Descriptive Summaries for the Research Sample
Consort diagram. Flow of participants during the recruitment process. CPM indicates conditioned pain modulation; MIA, manipulation-induced analgesia.

CPM and MIA Effects

Participants demonstrated a significant increase in PPT measured at wrist and elbow sites during and immediately after the CPM and MIA stimuli (P<0.001). There was also a significant improvement in the secondary outcome measures of PFG and ULNDT-RN immediately after the CLG mobilization (Table 2).

Mixed Regression Models for CPM and MIA Responses (Predicted Marginal Means): Overall Differences Between Time Points

The CPT stimulus rated highly on the pain VAS (mean: 8.10, SD: 1.3), while conversely the CLG stimulus rated highly on a pleasantness VAS (mean: 8.16, SD: 1.4), indicating that they induced markedly different sensations. There were significant differences between the CPM and MIA responses measured at both sites during the cold pressor and cervical lateral glide stimuli (P<0.001), with larger increases in PPT measured during CPM. The average increase from baseline in PPT during CPM was 195.84 kPa at the elbow and 201.87 kPa at the wrist. During MIA the average increase at the elbow was 123.01 kPa and at the wrist it was 126.06. However, no differences were detected between the stimuli at either test site immediately after the cold pressor and mobilization stimuli (Wrist: P=0.569, elbow: P=0.839, mean increase after CPM: 126.06 kPa for elbow, 114.24 kPa for wrist and after MIA 123.50 kPa for elbow, 122.16 kPa for wrist) (Fig. 3).

Differences in pressure pain threshold values between CPM and MIA over time (mean±SEM). CPM indicates conditioned pain modulation; MIA, manipulation-induced analgesia.
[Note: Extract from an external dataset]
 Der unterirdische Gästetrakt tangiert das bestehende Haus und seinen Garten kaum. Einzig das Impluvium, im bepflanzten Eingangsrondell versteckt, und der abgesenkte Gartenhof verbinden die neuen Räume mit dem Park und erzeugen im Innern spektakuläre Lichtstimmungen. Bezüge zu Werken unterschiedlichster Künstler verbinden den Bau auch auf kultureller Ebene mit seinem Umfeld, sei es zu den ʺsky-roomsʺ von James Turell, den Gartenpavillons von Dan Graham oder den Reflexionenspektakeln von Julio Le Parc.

Correlation Between MIA and CPM Effects

The partial correlation values (controlling for baseline PPT values) for the association between PPT measures for MIA and CPM at each assessment time point are presented in the Table 3. The Pearson partial correlation coefficient (r) values showed statistically significant, moderate (r>0.3) positive partial correlations (r: 0.40 to 0.54, P<0.001) between CPM and MIA PPT values. The regression analysis showed that CPM PPT values are a significant predictor of MIA PPT values (P<0.001) measured at both sites over different time points. The adjusted R2 values ranged between 0.73 and 0.85, indicating that between 73% and 85% of the variance in MIA PPT values was explained by CPM PPT values (Table 3).
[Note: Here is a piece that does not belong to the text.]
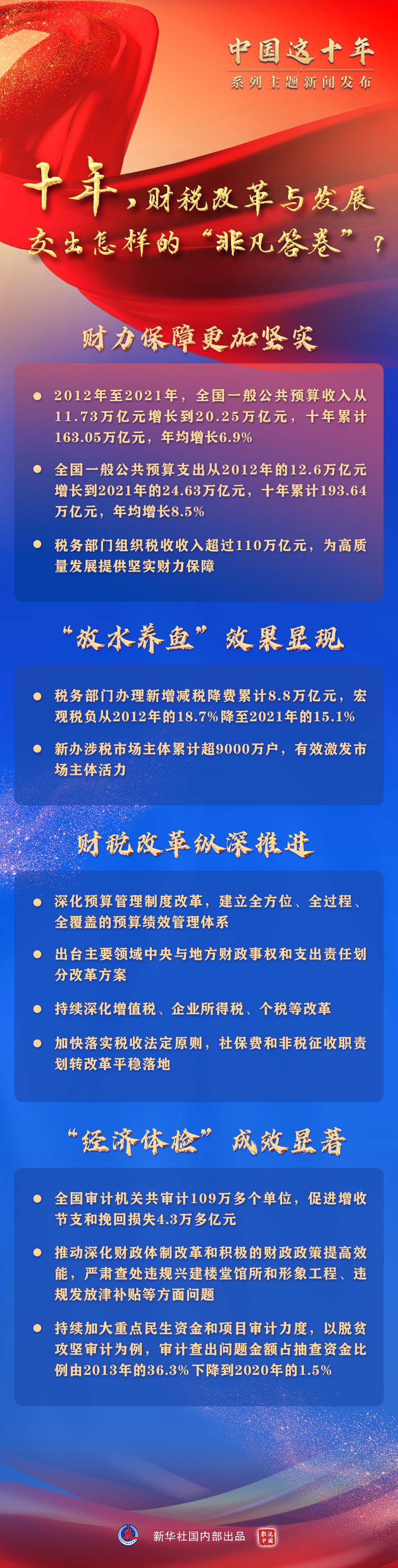 深化預(yù)算管理制度改革,建立全方位、全過程、全覆蓋的預(yù)算績效管理體系;出臺主要領(lǐng)域中央與地方財政事權(quán)和支出責(zé)任劃分改革方案;持續(xù)深化增值稅和企業(yè)所得稅改革,初步建立綜合與分類相結(jié)合的個人所得稅制度;強化財會監(jiān)督,嚴格財經(jīng)紀律……十年來,財稅體制改革縱深推進。
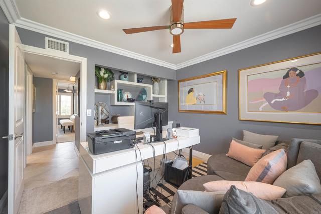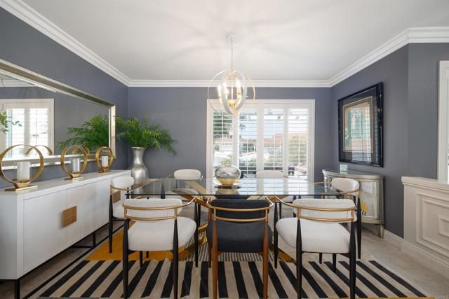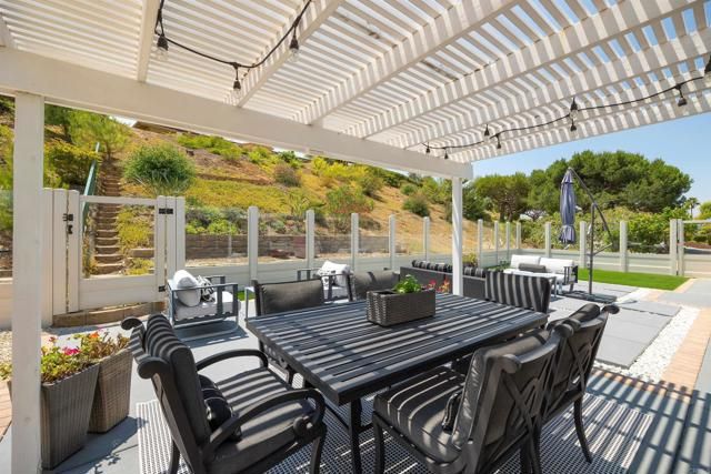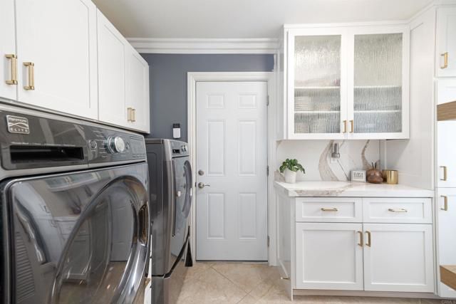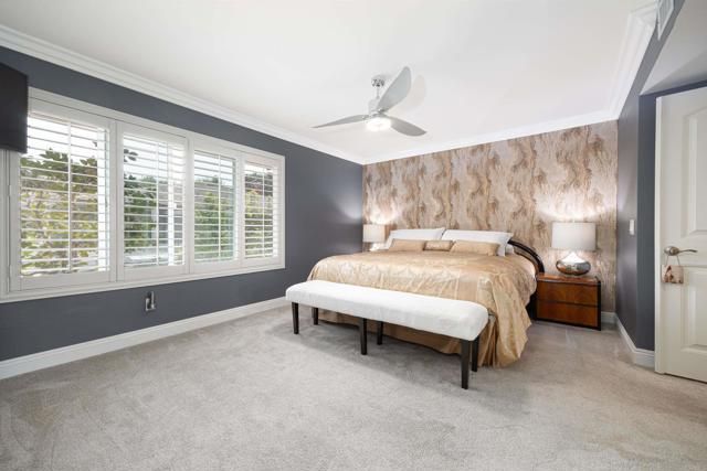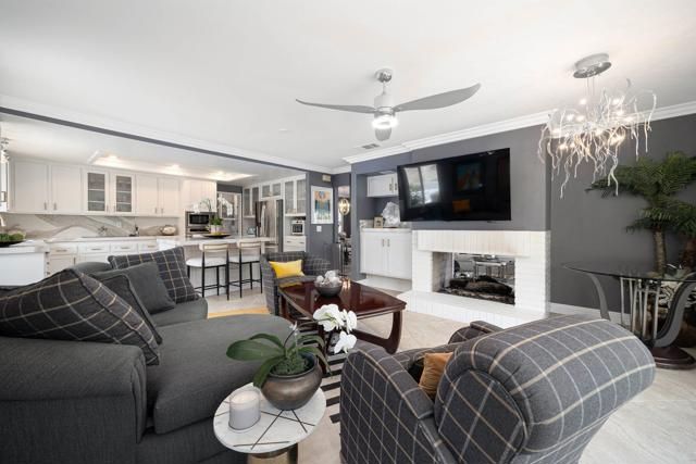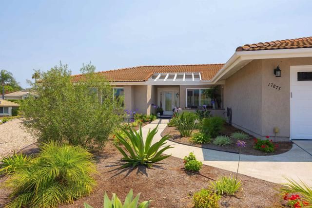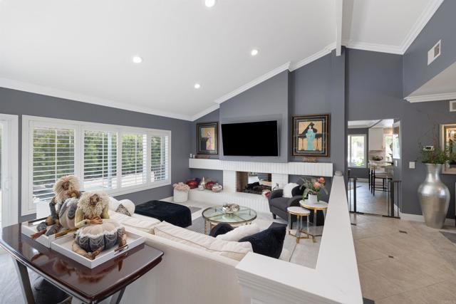 Discover this beautifully renovated single-story home tucked away on a quiet cul-de-sac in the highly sought after Oaks North 55+ community of Rancho Bernardo. Thoughtfully redesigned with high-end finishes, this home offers the perfect balance of style, comfort & effortless livability. Large windows flood the interior with natural light, while vaulted ceilings create an open, airy feel. Upon entry you're welcomed by a stunning floor-to-ceiling custom wall unit with integrated LED lighting-ideal for showcasing art & treasured pieces. A dramatic two-sided fireplace anchors the living, family & dining areas, adding warmth & architectural interest throughout the open-concept layout. The remodeled kitchen is a showpiece, featuring quartz countertops, SS appliances, custom cabinetry with decorative glass & designer hardware & an expanded butler's pantry & laundry area for exceptional storage & functionality-perfect for everyday living & entertaining alike. The primary suite offers a sophisticated retreat with designer paint selections, statement wallpaper accents, a custom closet system & an updated walk-in shower. Secondary bedrooms are currently configured to provide flexible space for guests, a home office or hobbies. Outside the tranquil space is perfect for entertaining with shaded sitting areas, privacy, mature fruit trees, gardening zone & elevated view perches. All new vinyl & glass fencing wraps the backyard to provide a secure haven for pets & comfort. Landscape has been totally redesigned with harmonious native drought tolerant plantings to create an architecturally sound & esthetic environment. Freshly epoxied flooring, EV charging station & added safe racks with additional cabinets enhance the oversized attached garage. Enjoy all that the community of Rancho Bernardo offers with nearby golf courses, workout center, pools, Bernardo Winery & farmers markets, tennis & pickleball courts. A home & community to treasure.

Partial Correlations (Controlling for Baseline PPT Values) and Regression Models for CPM PPT and MIA PPT at Different Time Points


This is the first study to investigate the association between CPM and MIA. There was a significant increase in PPT at both test sites (wrist and elbow) during and immediately after the CPT and the cervical lateral glide mobilization, indicating an analgesic response to both stimuli. There were significant differences between the CPM and MIA PPT values during the cold water immersion and CLG mobilization, with the CPT stimulus producing a more pronounced analgesic effect during the intervention. However, no difference was seen between CPM and MIA responses in the period following the interventions. PPT did not increase as much during the CLG mobilization but the increase was maintained during the later mobilization period, whereas it decreased substantially following the CPT stimulus. This suggests that the analgesic effect experienced by individuals after the intervention is similar for the cervical mobilization and the cold water immersion. There was also a significant association between the CPM and MIA responses (controlling for baseline variability) and the level of CPM response explained >73% of the variance in MIA response.
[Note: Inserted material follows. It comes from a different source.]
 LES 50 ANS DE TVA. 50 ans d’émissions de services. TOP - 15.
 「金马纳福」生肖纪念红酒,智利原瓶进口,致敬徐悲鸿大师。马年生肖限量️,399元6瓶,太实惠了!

This study, therefore, showed an intact CPM response in people with LE, in accordance with recent research findings of preserved CPM response reported for other chronic musculoskeletal conditions such as chronic back pain,34 patellofemoral pain,35 and long-term trapezius myalgia.36 The CPM response found in this LE sample was similar to that observed in pain-free healthy populations,21,37 suggesting unaltered endogenous inhibitory mechanisms in LE. However, a study by Lim et al38 reported an impaired CPM response in people with LE when compared with healthy controls. The difference in the CPM responses reported in both studies may be explained by variations in the testing parameters used. Although Lim et al38 used contact thermal heat to elicit CPM the current study protocol used the CPT as a conditioning stimulus, which has been found to induce a more pronounced analgesic effect.39 In pain-free healthy controls Lim et al38 reported a 19.02 (±27.49) to 24.75 (±26.21) percentage increase in PPT during thermal pain compared with a 35.80 (±26.26) percentage increase reported by Locke et al21 during CPT. There may be a weaker CPM effect in response to contact thermal heat relative to CPT and this may provide a reason for the less efficient CPM effect.38 These data suggest that there was an efficient CPM response in the current cohort.

Consistent with earlier studies evaluating the analgesic effects of cervical manual therapy,9,22,40,41 this study showed a significant immediate increase in PPT at the elbow and improvements in PFG and ULNDT-RN after the CLG mobilization. This is the first study to report a positive increase in PPT values over the ipsilateral wrist in LE indicating an extrasegmental effect of the CLG mobilization. A similar pattern of MIA response was reported42 locally at the knee and remotely at the ipsilateral heel after knee joint mobilization.

The increase in PPT during the CPT was significantly greater than during the CLG, suggesting a stronger initial analgesic response associated with the noxious cold conditioning stimulus compared with the nonpainful mobilization stimulus. Participants rated the CPT stimulus as inducing a relatively high level of pain but they conversely rated the CLG mobilization as a highly pleasant sensation. Despite these differences in the nature of the stimuli and the fact that the CPT stimulus elicited a very marked increase in PPT during the 2 minute immersion period, both interventions showed very similar increases (~120 kPa) in PPT in the period after intervention.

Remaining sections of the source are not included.